(Problem requirements): Leaving out all pictures, transcribe exactly the lines between the line with "Al arribar al" and the last line of the records below, both included.

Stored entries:
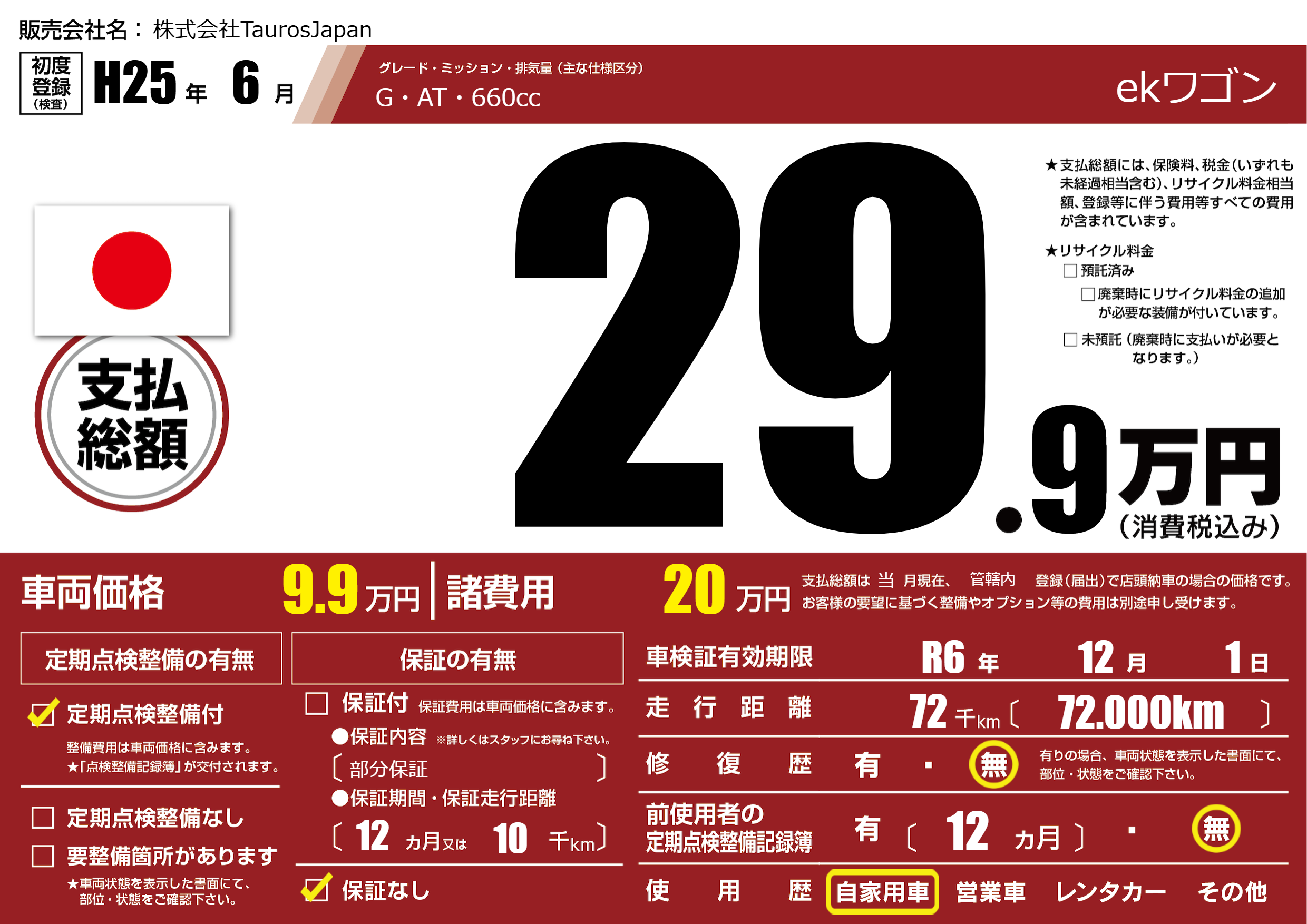 | 車名 | ekワゴン | グレード ミッション 排気量 |
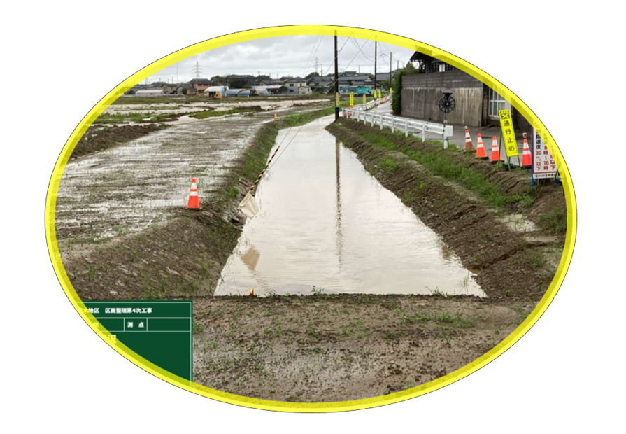 例えば、⽥んぼの中が冠⽔して、ブルドーザやバックホウ等の動きが悪くなりますし、場合によっては作業の中⽌を考えたりしなければなりません。
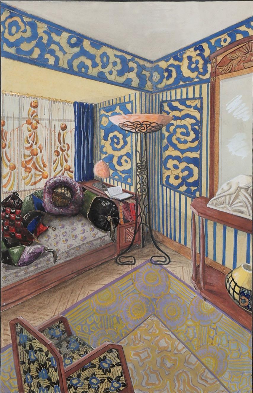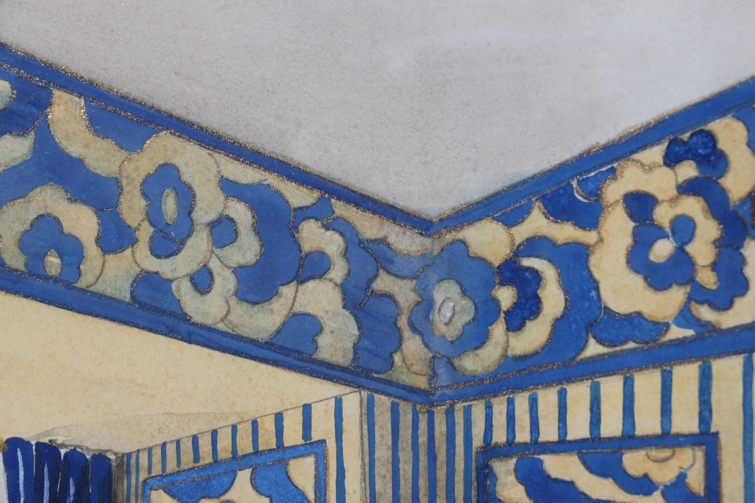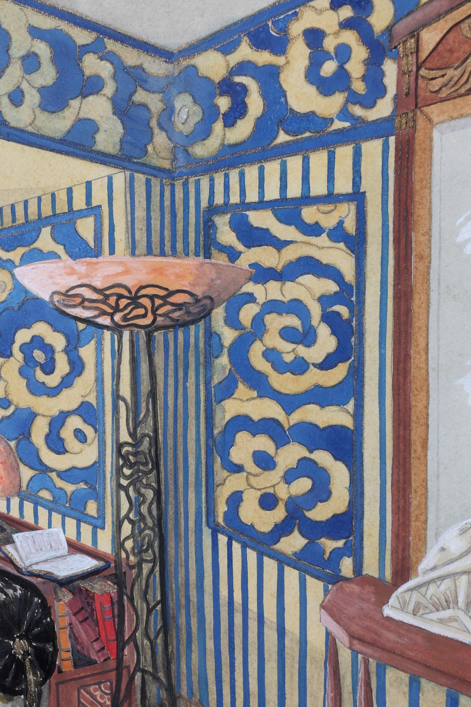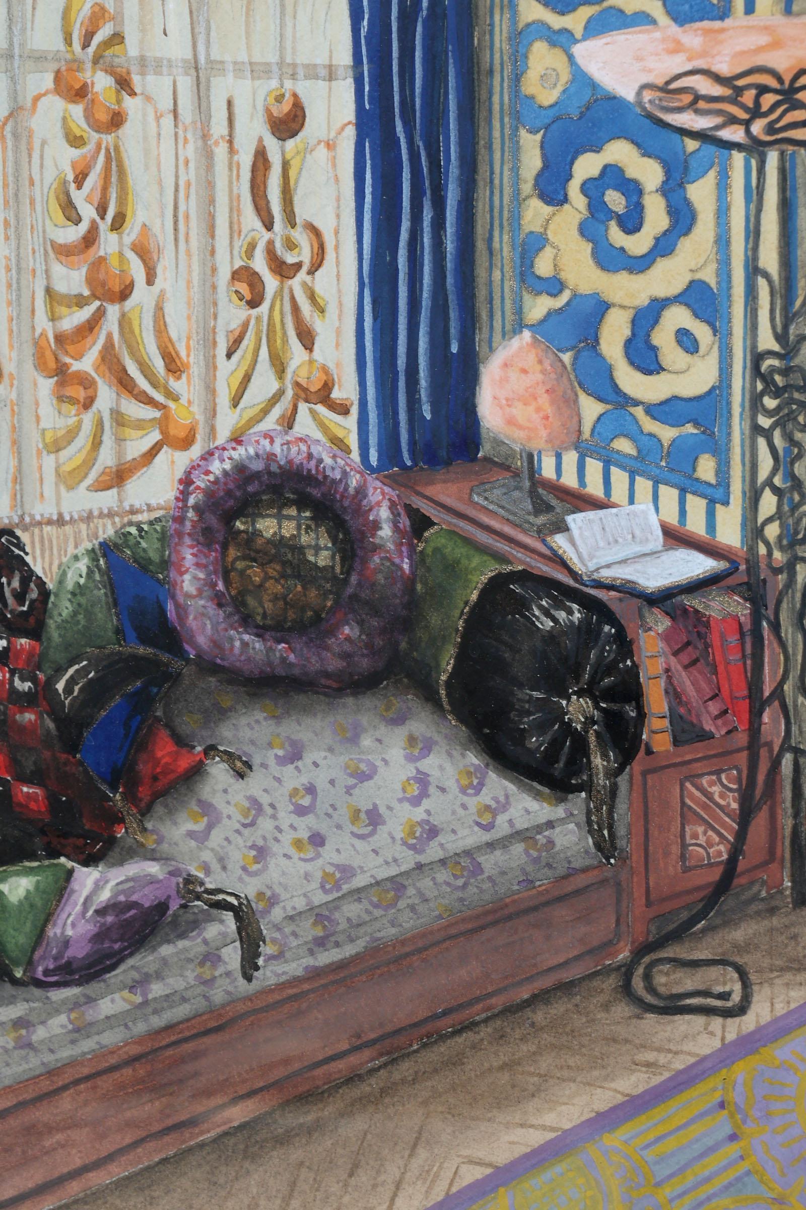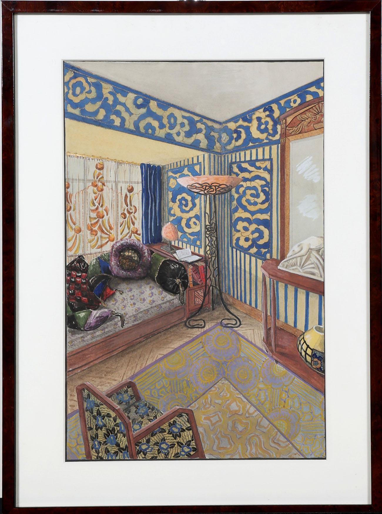 Onb.meester, Interieur, gouache op papier, 50 x 32 cm.
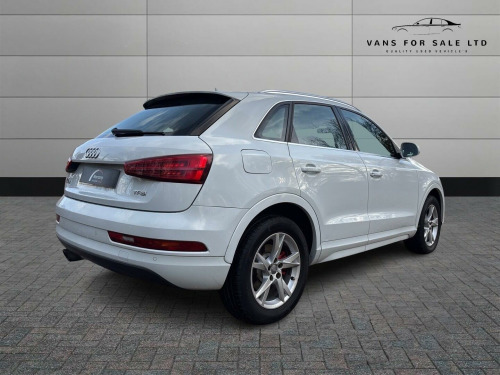 This 2017 Audi Q3 TFSI Sport is a well maintained example of this popular compact SUV. It features a 1.4 litre petrol engine and is Euro 6 compliant, meaning it meets the latest emissions standards. The Sport trim level includes Xenon Plus headlights with distinctive LED daytime running lights, and an automatic headlight function activated by the light and rain sensor. Inside, you'll find dual zone electronic climate control for personalised comfort and a Bluetooth interface for seamless connectivity. Parking is made easier with the inclusion of rear parking sensors.This Audi Q3 offers an impressive fuel economy of 48 miles per gallon, demonstrating its efficiency. Its low CO2 emissions also contribute to its economical running costs. For those who appreciate performance, it can accelerate from 0 to 62 miles per hour in just 8.9 seconds. These highlights indicate that this Q3 provides a compelling blend of efficiency, technology, and driving enjoyment compared to other vehicles in its class. Reg; HN67 OHXNav Card Required for Satellite Navigations Systems Administration fees are applicable with 3rd party finance companies to be paid as a deposit.Finance Available From 9.9% APR - *Subject to Status------------------------------------Please call = 07950663208 - 07537123749 - 01164849254Website: vansforsaleltd.co.uk - carsandvansforsaleltd.co.uk Email: [email protected] also stock Audi - A1, A3, A4, A5, A6, A7, Q3,Q5,Q7BMW 1 Series, 3 Series, 6 series, 116i, 116d, 118i, 118d, 320dMercedes, S Class, A Class, B Class, C Class, E Class, AMG, CLK, SLK Volkswagen, Golf, Polo, TiguanFord, Kuga, Focus, Fiesta, ST, Titanium, Zetec, RangerVauxhall, Astra, EcoFlexPeugeot, 107, 207, 208, 308, 3008, 5008, Active, SportLand Rover, Defender, Range Rover, Evoque, SportRenault - Hyundai - Porsche - Bentley Transit,Custom,Movano,Master,Vivaro,. 17in Alloy Wheels - 7J 5-Spoke Y Design, 4-Way Electric Lumbar Support for Front Seats, 6.5in Colour Display Screen, 8 Passive Speakers, AMI - Audi Music Interface, Aluminium Roof Rails, Aluminium Window Trims, Anti Theft Locking Wheel Bolts, Audi Drive Select, Bluetooth Interface, Body Coloured Door Mirrors, Cloth Headlining, Concert Radio, DAB Digital Radio, Door Sills with Aluminium Inlays, Driver - Front Passenger - Front Side and Head Airbag System, Drivers Information System - DIS, Dual-Zone Electronic Climate Control, Dynamic Suspension, Efficiency Program in the Drivers Information System - DIS, Electric Windows - Front and Rear, Electromechanical Parking Brake, Electromechanical Power Steering - Speed-Sensitive Provides a Precise Steering Feel at High Speeds and Excellent Assistance when Parking., Electronic Stability Programme - ESP includes ABS-EBD-ASR-EDL, Extendable Luggage Compartment Cover, First Aid Kit, Floor Mats - Front and Rear in Velour, Front Centre Armrest, Front Lip and Rear Diffuser in Grey, Front and Rear Fog Lights, Full Body-Colour Paint Finish, Heated Windscreen Washer Jets, ISOFIX Child Seat Mounting, Inlays - Micrometallic Flex Silver, Light and Rain Sensor, Rear Parking Sensors, Remote Central Locking, Reversible Luggage Compartment Floor, Satellite Navigation System - SD Card Based, Seat Belt Monitoring, Secondary Collision Brake Assist, Space Saver Spare Wheel, Split-Folding Rear Seats, Sport Bodystyling, Steering Wheel - 3-Spoke Leather-MultiFunction-Shift Paddles-Q-Design, Steering Wheel - Height and Reach Adjustable, Thatcham Category 1 Alarm and Immobiliser, Tool Kit and Car Jack, Tow Bar Bracket Preparation, Tyre Pressure Loss Indicator, Voice Control System, Warning Triangle, Washer Fluid Level Indicator, Windscreen with Sunband, Xenon Plus Headlights with LED Daytime Running Lights. Part service history
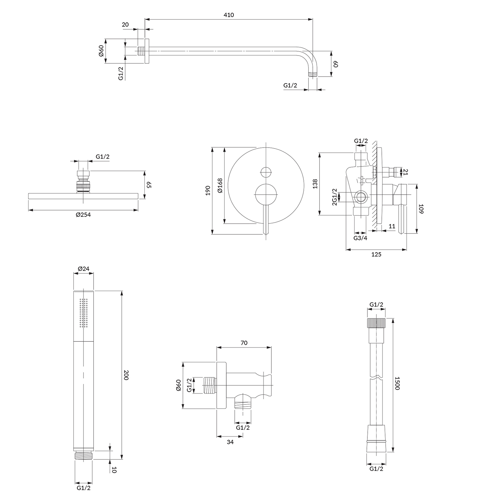 - verdeckter Dusch- und Badearmatur (Y1235BL)
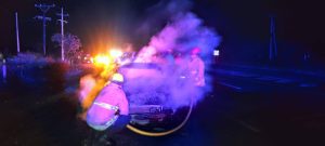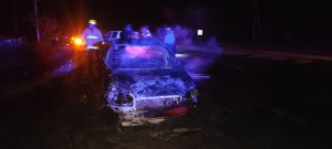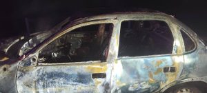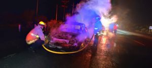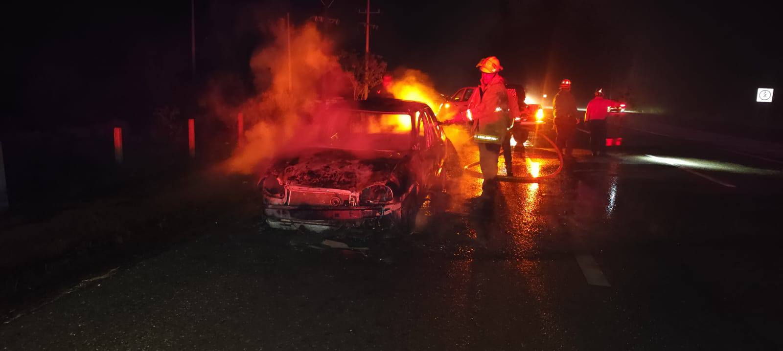 Al arribar al lugar, los elementos del Cuerpo de Bomberos encontraron un vehículo tipo Chevy envuelto en llamas, el cual fue consumido en su totalidad por el fuego.
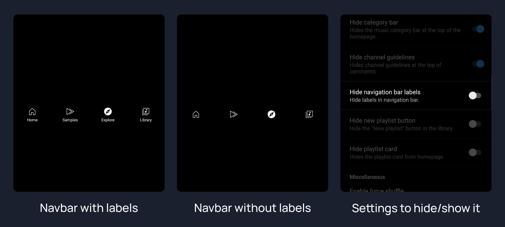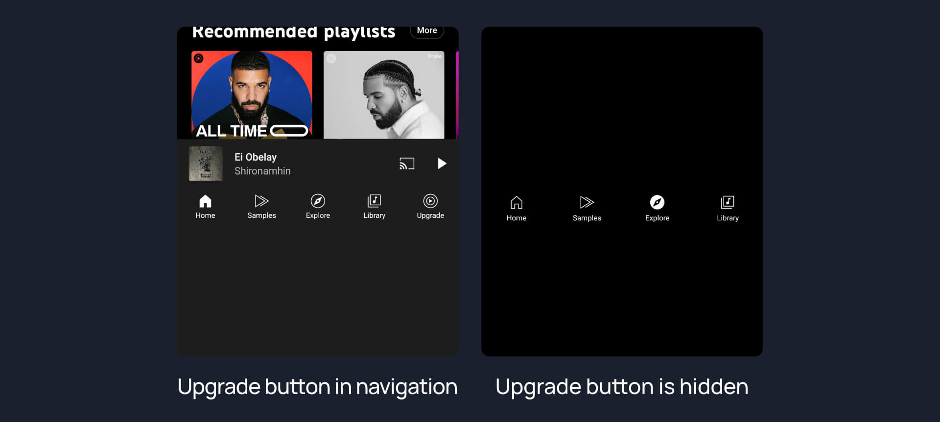 Option to hide Explore Home, Library, Samples & Upgrade button.
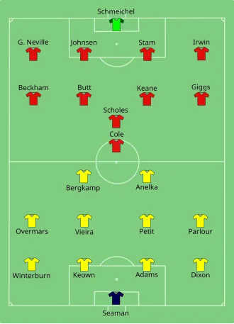 Arsenal employed a traditional 4–4–2 formation: a four-man defence (comprising two centre-backs and left and right full-backs), four midfielders (two in the centre, and one on each wing) and two centre-forwards.[22] Manchester United organised themselves slightly differently, and lined up in a 4–4–1–1 formation with Paul Scholes playing ahead of the midfield in a supporting role behind the main striker, Andy Cole.[22]

(Written response):
 Al arribar al lugar, los elementos del Cuerpo de Bomberos encontraron un vehículo tipo Chevy envuelto en llamas, el cual fue consumido en su totalidad por el fuego.
 Option to hide Explore Home, Library, Samples & Upgrade button.
 Arsenal employed a traditional 4–4–2 formation: a four-man defence (comprising two centre-backs and left and right full-backs), four midfielders (two in the centre, and one on each wing) and two centre-forwards.[22] Manchester United organised themselves slightly differently, and lined up in a 4–4–1–1 formation with Paul Scholes playing ahead of the midfield in a supporting role behind the main striker, Andy Cole.[22]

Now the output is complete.